Experimental procedures

Our framework for identification of connectome-scale group-wise consistent ICNs in macaques includes three major steps (marked as 1–3 in Fig. 1): (1) identification of connectome-scale ICNs of each individual subject via dictionary learning and sparse representation of whole-brain rsfMRI data (Section ‘Identification of Connectome-scale ICNs within Individual Subject’), representation of the spatial pattern of each ICN via the ‘connectivity map’ model (Section ‘Representation of Spatial Pattern of ICN via Connectivity Map’), and identification of connectome-scale group-wise consistent ICNs across all subjects (Section ‘Identification of Connectome-scale Group-wise Consistent ICNs across Different Subjects and Scans’).

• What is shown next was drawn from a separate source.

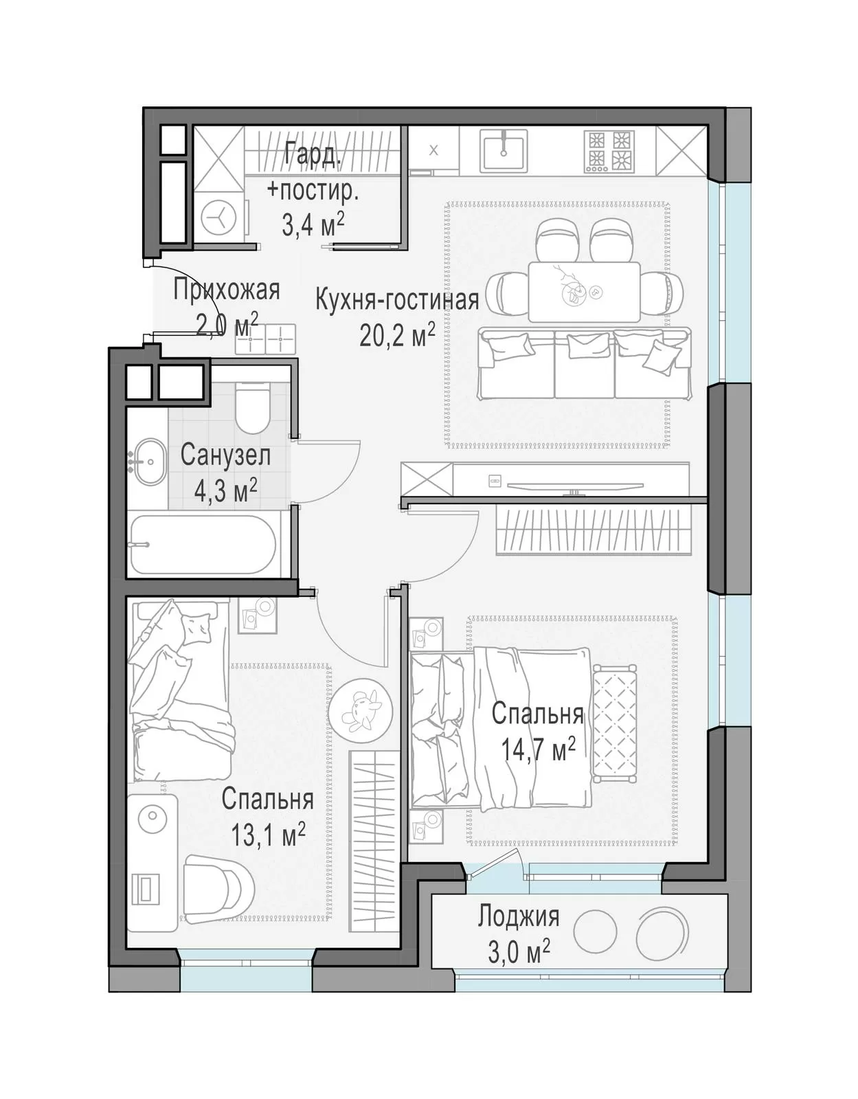 ГлавнаяЖилая недвижимостьЖК «Филатов Луг»3-комнатная квартира № 5

The materials and methods section is organized by following the three major steps, respectively.

Fig. 1.

The pipeline of the proposed computational framework for identification of connectome-scale group-wise consistent ICNs in macaques. The three major steps are labeled as 1–3, respectively.

Data Acquisition and Preprocessing

The subjects used in this study were rhesus monkeys (Macaca mulatta) living in the breeding colony maintained at the Yerkes National Primate Research Center (YNPRC), Emory University (Lawrenceville, Georgia). A total of 10 subjects with longitudinal resting state fMRI (rsfMRI) scans collected during infancy and the juvenile period were used in this study (scans available at four different ages: 3-months: 10 subjects; 6-months: 10 subjects; 12-months: 8 subjects; 18-months: 5 subjects). The subjects represent typically developing, socially-housed rhesus monkeys, studied longitudinally as part of a larger study (Howell et al, 2016; McCormack et al, 2015). They were raised with their mothers and families for the entire duration of the study in large social groups and they span all social hierarchy strata (high, medium and low ranking families). Standard high fiber, low fat monkey chow and seasonal fruits and vegetables were provided twice daily, in parallel to enrichment items. Water was available ad libitum. All studies were performed in accordance with the Animal Welfare Act and the U.S. Department of Health and Human Services “Guide for the Care and Use of Laboratory Animals”, and approved by the Emory University Institutional Animal Care and Use Committee (IACUC).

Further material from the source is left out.